Domain-guided Self-supervision of EEG Data Improves Downstream Classification Performance and Generalizability
Proceedings of Machine Learning for Health, PMLR 158:130-142, 2021.
This paper presents a domain-guided approach for learning representations of scalp-electroencephalograms (EEGs) without relying on expert annotations. Expert labeling of EEGs has proven to be an unscalable process with low inter-reviewer agreement because of the complex and lengthy nature of EEG recordings. Hence, there is a need for machine learning (ML) approaches that can leverage expert domain knowledge without incurring the cost of labor-intensive annotations. Self-supervised learning (SSL) has shown promise in such settings, although existing SSL efforts on EEG data do not fully exploit EEG domain knowledge. Furthermore, it is unclear to what extent SSL models generalize to unseen tasks and datasets. Here we explore whether SSL tasks derived in a domain-guided fashion can learn generalizable EEG representations.

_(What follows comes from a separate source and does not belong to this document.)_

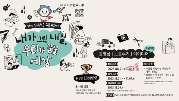 노동존중에 대한 가치를 확산시키며 대국민과의 소통 강화를 위한 공모전이 화제를 모으고 있다. 한국노총은 1,550만원의 상금을 걸고 개최하는 노동문화 콘텐츠 공모전 ‘난생처음노동문화제’를 10월 31까지 진행한다. ‘내가 그린 내일, 우리가 꿈꿀 세상’을 주제로 한 이번 공모전은 동영상…

Our contributions are three-fold: 1) we propose novel SSL tasks for EEG based on the spatial similarity of brain activity, underlying behavioral states, and age-related differences; 2) we present evidence that an encoder pretrained using the proposed SSL tasks shows strong predictive performance on multiple downstream classifications; and 3) using two large EEG datasets, we show that our encoder generalizes well to multiple EEG datasets during downstream evaluations.